WORK TO BE COMPLETED:
Show all lines from the data that include the word "Портрет".

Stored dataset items
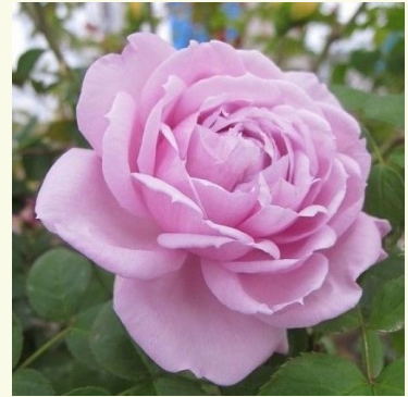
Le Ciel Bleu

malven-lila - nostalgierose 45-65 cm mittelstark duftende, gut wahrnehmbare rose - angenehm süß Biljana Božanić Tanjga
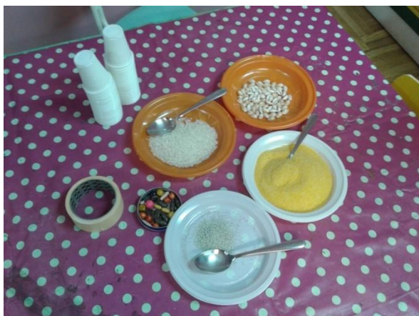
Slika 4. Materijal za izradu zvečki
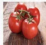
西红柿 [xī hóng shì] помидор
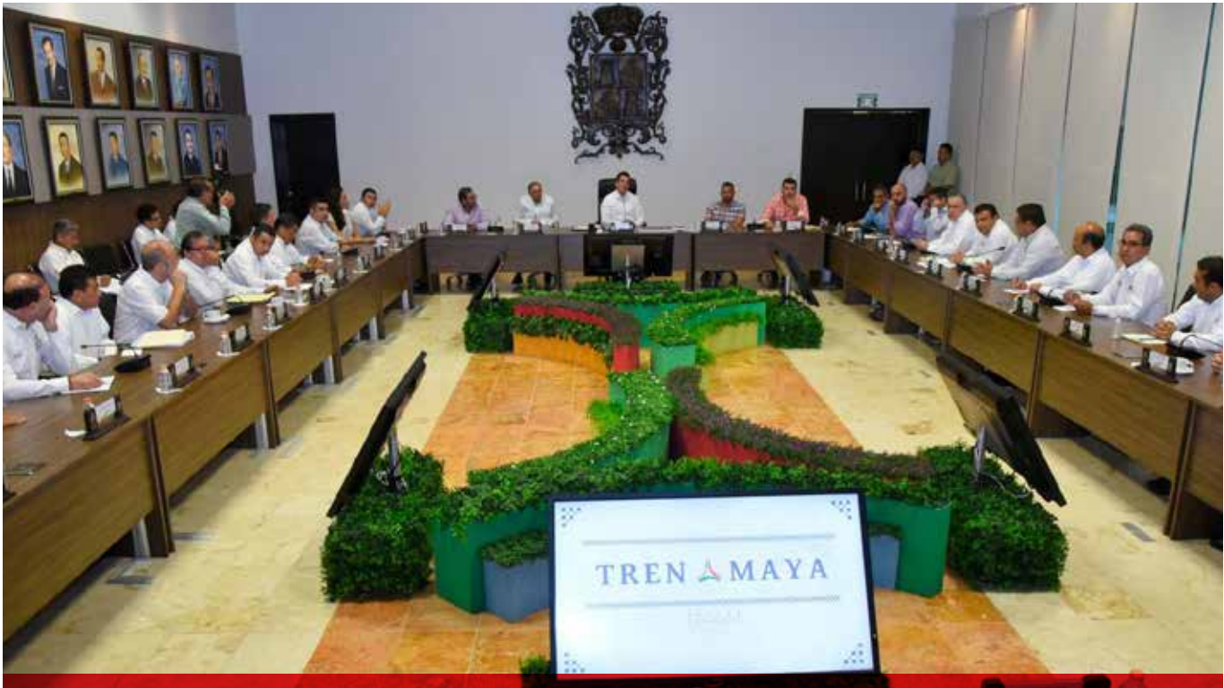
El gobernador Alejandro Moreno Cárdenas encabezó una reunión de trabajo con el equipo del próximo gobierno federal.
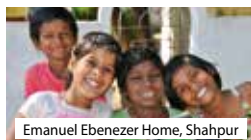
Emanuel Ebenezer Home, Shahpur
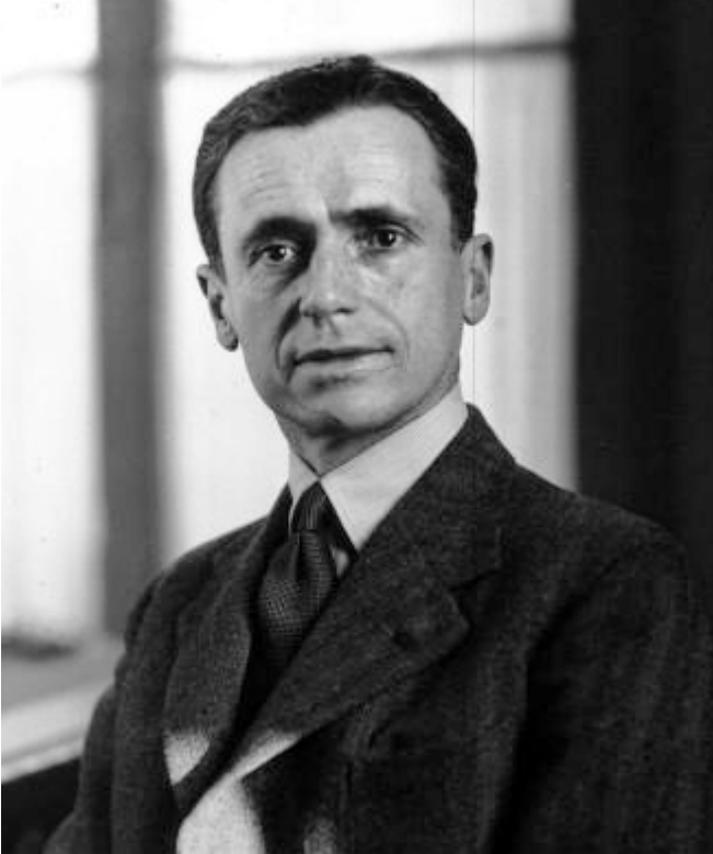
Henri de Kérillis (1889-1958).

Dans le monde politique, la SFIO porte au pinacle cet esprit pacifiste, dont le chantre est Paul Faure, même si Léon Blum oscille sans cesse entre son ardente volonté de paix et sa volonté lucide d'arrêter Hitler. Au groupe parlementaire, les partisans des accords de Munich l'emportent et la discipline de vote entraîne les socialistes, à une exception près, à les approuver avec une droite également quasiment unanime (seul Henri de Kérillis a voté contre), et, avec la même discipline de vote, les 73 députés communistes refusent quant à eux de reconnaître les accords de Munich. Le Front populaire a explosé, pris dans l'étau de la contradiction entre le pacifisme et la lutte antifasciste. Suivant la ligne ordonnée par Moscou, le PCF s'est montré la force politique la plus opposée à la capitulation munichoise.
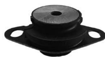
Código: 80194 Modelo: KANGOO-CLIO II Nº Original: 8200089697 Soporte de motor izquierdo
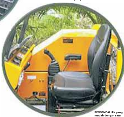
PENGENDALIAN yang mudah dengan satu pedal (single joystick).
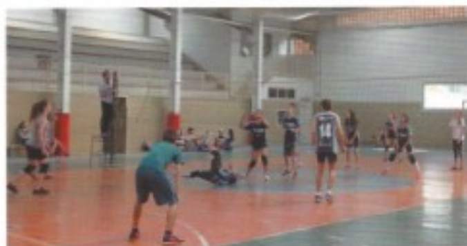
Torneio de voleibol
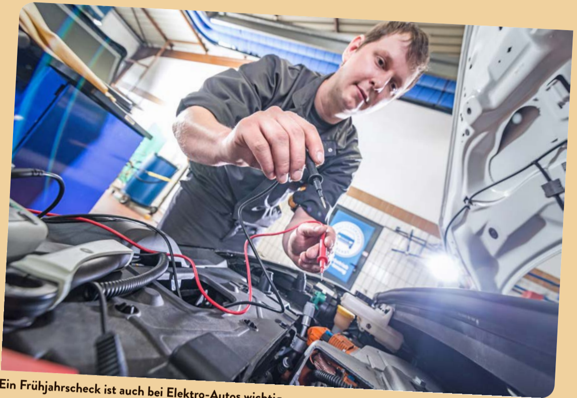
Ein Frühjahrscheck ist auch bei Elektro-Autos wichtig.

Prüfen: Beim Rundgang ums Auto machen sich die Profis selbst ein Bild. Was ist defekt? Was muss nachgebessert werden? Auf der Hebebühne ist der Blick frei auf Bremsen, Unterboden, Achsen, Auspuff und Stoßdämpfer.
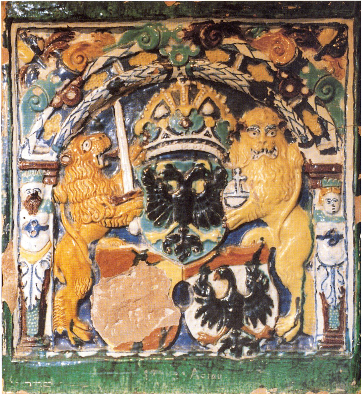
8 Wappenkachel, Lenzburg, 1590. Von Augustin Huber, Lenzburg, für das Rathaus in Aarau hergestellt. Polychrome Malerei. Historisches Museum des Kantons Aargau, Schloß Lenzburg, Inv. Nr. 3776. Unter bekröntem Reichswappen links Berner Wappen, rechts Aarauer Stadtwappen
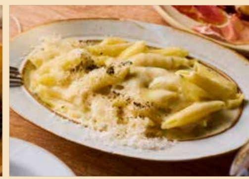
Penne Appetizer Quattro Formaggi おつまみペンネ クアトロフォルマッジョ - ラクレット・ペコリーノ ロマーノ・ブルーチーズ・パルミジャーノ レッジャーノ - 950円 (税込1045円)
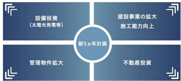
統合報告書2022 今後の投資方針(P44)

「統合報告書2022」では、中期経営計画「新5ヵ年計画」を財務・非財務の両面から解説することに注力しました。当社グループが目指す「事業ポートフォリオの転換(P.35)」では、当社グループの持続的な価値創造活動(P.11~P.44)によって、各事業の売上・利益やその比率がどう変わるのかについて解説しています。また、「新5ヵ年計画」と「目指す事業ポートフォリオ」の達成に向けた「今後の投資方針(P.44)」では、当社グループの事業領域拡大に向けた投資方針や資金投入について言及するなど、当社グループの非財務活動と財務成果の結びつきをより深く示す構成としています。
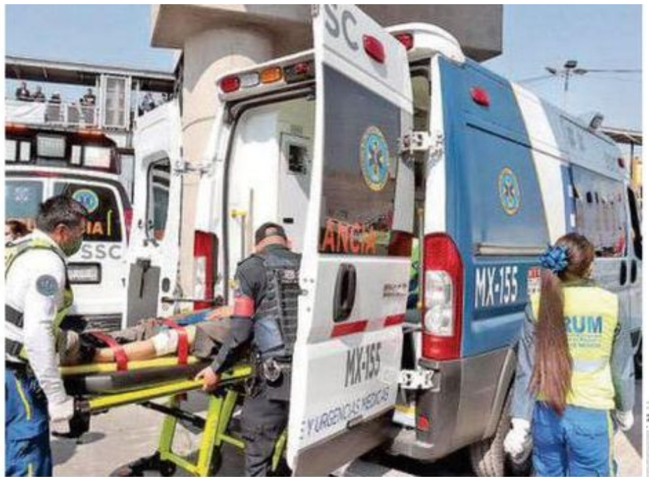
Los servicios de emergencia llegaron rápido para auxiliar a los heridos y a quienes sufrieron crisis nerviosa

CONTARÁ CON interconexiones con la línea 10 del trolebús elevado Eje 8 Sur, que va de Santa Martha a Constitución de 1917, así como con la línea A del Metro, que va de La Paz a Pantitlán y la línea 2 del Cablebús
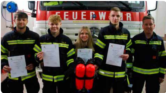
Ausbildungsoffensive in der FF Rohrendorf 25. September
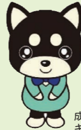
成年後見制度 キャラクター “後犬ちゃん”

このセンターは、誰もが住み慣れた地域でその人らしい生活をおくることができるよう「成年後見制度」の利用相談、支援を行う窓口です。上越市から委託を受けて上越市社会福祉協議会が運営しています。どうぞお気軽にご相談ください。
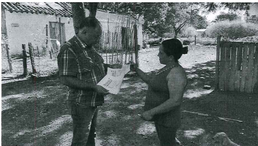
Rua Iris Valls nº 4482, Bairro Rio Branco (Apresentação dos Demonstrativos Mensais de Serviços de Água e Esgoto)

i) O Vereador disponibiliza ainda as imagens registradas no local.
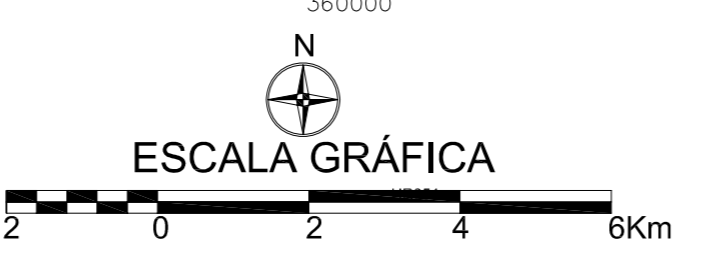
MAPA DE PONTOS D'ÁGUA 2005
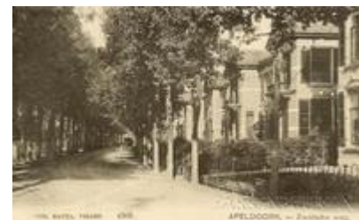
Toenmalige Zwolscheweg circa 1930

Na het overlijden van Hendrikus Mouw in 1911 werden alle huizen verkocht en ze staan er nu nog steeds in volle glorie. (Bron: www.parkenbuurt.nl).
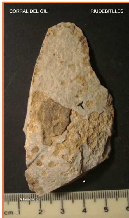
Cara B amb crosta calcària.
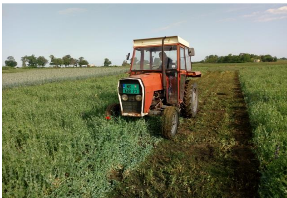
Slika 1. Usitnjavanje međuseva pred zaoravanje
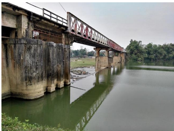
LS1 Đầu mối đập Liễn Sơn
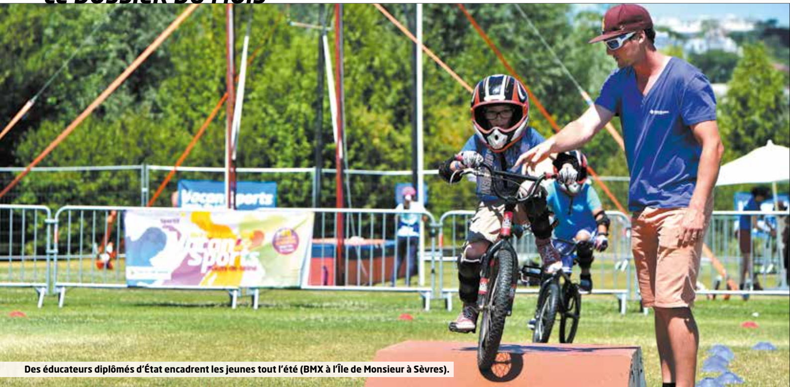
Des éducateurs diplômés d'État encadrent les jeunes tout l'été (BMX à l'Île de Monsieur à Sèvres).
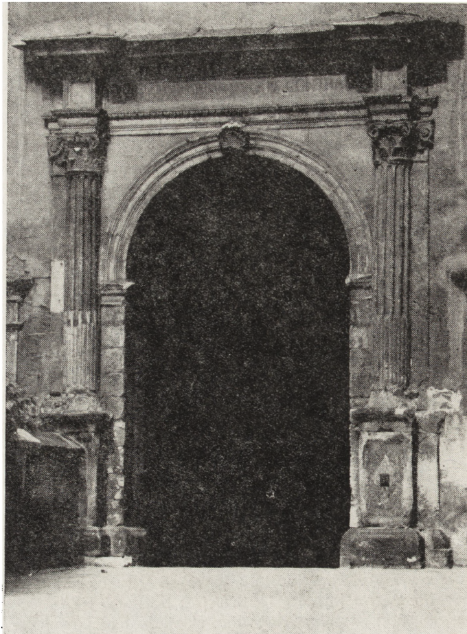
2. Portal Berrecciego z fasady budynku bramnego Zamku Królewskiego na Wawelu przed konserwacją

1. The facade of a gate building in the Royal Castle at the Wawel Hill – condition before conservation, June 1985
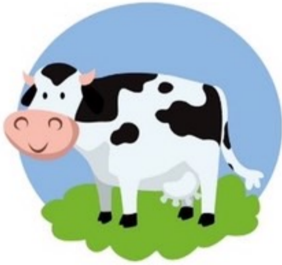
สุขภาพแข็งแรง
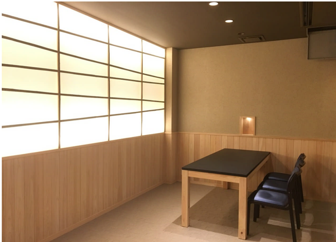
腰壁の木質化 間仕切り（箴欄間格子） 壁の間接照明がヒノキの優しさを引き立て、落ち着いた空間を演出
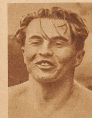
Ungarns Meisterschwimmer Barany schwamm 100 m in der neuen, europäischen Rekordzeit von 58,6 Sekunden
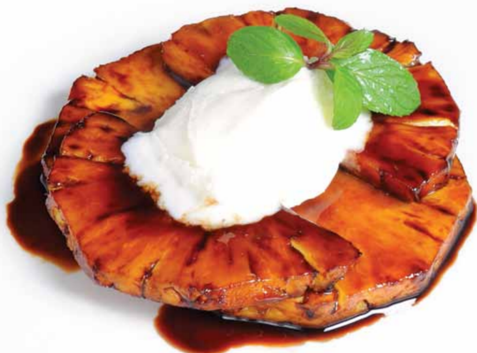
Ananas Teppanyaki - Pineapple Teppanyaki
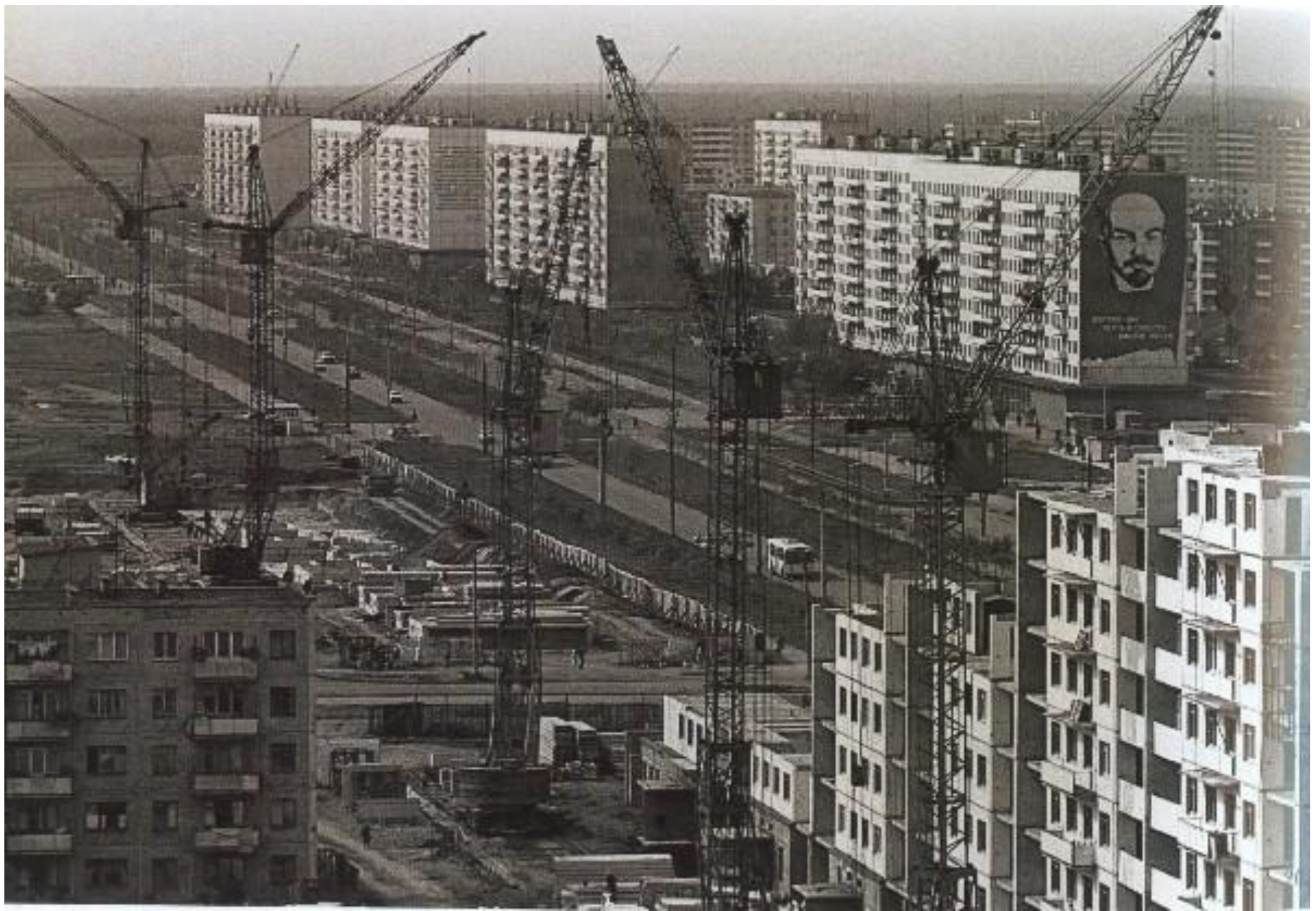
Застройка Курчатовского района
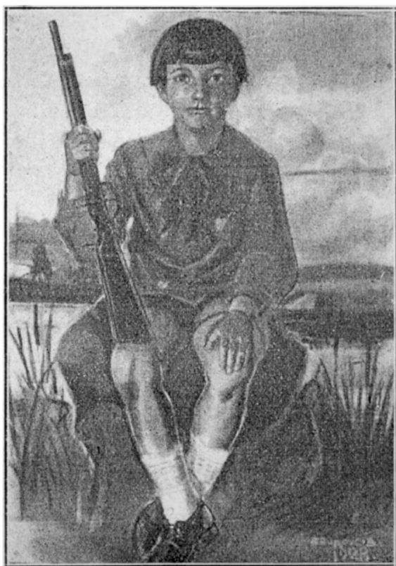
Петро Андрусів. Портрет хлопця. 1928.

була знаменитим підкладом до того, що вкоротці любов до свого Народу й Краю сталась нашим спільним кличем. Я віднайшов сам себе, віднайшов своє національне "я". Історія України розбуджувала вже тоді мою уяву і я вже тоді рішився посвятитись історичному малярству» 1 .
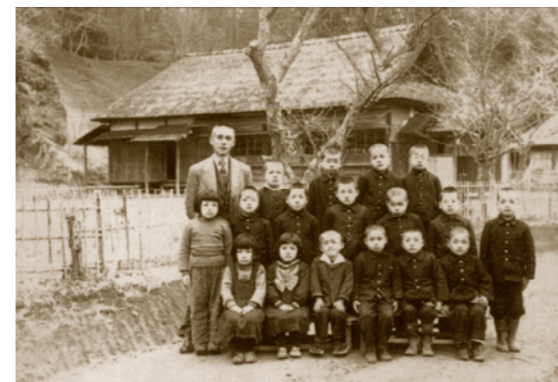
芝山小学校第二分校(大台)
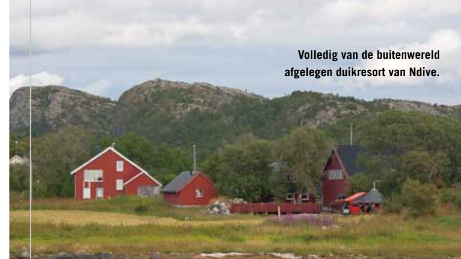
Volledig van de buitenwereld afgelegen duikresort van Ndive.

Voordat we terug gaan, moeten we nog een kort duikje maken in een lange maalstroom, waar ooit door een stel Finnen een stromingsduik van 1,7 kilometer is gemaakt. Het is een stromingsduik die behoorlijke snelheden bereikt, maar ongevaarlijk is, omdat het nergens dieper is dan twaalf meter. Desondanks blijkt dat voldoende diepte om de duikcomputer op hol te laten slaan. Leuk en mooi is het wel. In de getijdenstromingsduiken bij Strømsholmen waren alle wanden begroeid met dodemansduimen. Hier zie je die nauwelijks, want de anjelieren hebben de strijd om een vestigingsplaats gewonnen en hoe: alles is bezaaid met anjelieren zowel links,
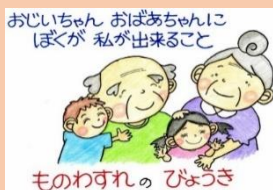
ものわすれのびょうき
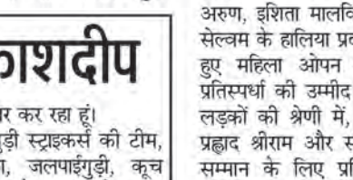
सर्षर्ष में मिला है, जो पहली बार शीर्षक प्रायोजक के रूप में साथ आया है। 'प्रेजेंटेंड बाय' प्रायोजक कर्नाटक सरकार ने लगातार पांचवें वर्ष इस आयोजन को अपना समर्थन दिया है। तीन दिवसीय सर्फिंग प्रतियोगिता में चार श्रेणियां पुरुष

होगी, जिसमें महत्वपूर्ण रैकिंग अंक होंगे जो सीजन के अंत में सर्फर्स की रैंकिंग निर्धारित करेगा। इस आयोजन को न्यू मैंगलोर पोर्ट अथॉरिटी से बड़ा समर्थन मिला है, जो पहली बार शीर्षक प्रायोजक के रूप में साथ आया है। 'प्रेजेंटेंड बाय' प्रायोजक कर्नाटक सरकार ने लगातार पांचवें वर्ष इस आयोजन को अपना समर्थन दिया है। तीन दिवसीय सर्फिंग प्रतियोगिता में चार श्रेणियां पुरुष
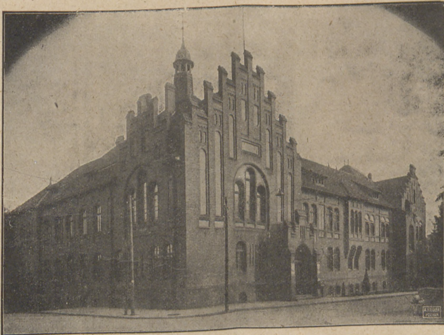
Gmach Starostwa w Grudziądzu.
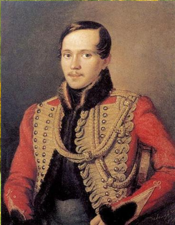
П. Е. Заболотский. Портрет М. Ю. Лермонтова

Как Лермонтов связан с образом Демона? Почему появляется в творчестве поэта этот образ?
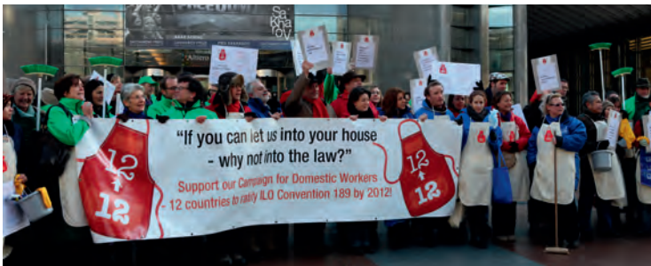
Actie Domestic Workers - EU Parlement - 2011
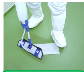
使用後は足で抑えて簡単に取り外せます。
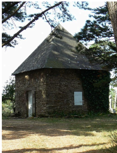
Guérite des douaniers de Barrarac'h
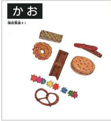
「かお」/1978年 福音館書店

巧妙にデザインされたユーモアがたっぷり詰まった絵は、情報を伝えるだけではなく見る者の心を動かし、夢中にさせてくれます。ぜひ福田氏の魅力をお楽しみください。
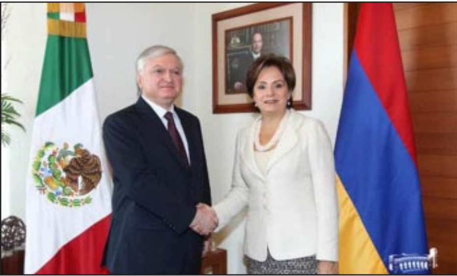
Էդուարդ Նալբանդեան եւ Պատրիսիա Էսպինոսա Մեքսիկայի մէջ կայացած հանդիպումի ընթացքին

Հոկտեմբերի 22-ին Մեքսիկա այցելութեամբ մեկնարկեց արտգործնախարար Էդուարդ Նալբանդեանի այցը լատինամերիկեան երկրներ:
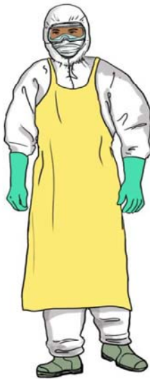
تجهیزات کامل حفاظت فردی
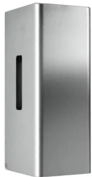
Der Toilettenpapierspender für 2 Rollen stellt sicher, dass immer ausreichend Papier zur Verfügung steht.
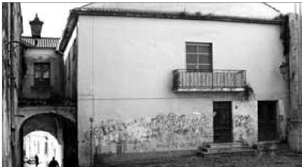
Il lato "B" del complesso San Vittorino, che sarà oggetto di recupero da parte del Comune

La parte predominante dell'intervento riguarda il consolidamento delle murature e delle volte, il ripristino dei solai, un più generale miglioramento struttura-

ANSWER SECTION:
Петро Андрусів. Портрет хлопця. 1928.
П. Е. Заболотский. Портрет М. Ю. Лермонтова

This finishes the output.